The platform points out the SEC’s “capacious” and “unreasonable” norms, highlighting the need for Congressional authorization.
Per their official announcement, Paradigm opposes the SEC’s gambit despite the platform’s non-involvement with Binance.
The research-driven technology investment firm Paradigm recently filed an amicus brief in the Securities and Exchange Commission’s (SEC) legal war against Binance. In an official statement, Paradigm asserted that they strongly oppose the regulator’s “gambit” despite the platform’s non-involvement with Binance.
On September 29, Paradigm submitted the amicus brief in the SEC-Binance lawsuit to seek justice for the crypto exchange, claiming that the SEC’s theories contradicted the crypto communities’ knowledge of the securities laws. The platform pointed out the “critical” ways in which the SEC’s norms are vague.

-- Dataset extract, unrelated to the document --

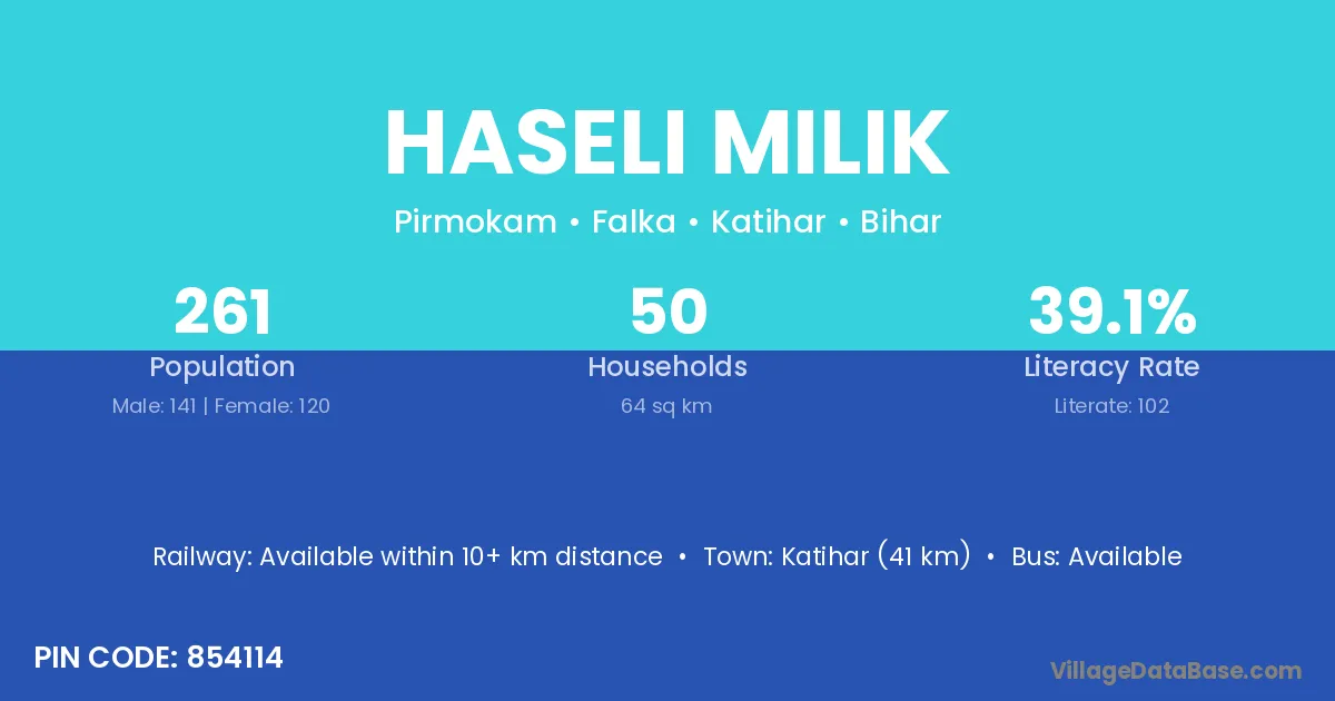 Katihar (41 km) is the nearest town to Haseli Milik village for major economic activities and is located approximately 41 km away.

The first point Paradigm spotlighted was the regulator’s insistence on the Court to accept the “facially incredible argument that an ‘investment contract’ does not require a ‘contract.’” The firm added,
The clear statutory language and case law interpreting it makes clear that an “investment contract” requires contractual undertakings that promise the delivery of future value. A crypto asset sale, particularly one on secondary markets, promises nothing, other than the delivery of the crypto asset. The SEC cannot manifest a formal contract where none exists through clever lawyering.

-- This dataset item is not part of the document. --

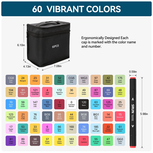Markers Set, ASOVNXF 60 Colors Dual Tips Art Markers Sketch Pens Set, Art Set Drawing Markers Pen, Art Supplies for Adults Coloring Painting, Sketching, Gifts for Teens Girls Boys Artists

As the second key idea, the platform sheds light on the SEC’s tactics to categorize all sorts of sales under the same securities law that upends the court’s long-held fact that an asset’s appreciation in value due to market forces does not adequately mean a “reasonable expectation of profits.” Elaborating on the lack of connection between the asset issuer and a secondary purchaser, Paradigm stated, “A shared hope that an asset will appreciate in value might create a common interest, but that hope does not constitute a common enterprise.”
Finally, the firm questioned the SEC’s “capacious” and “unreasonable” interpretation of the investment contract, reiterating the need for a “clear congressional authorization” for a convenient and comprehensive crypto regulation. Paradigm added, “Only Congress can and should fill those gaps, not the SEC.”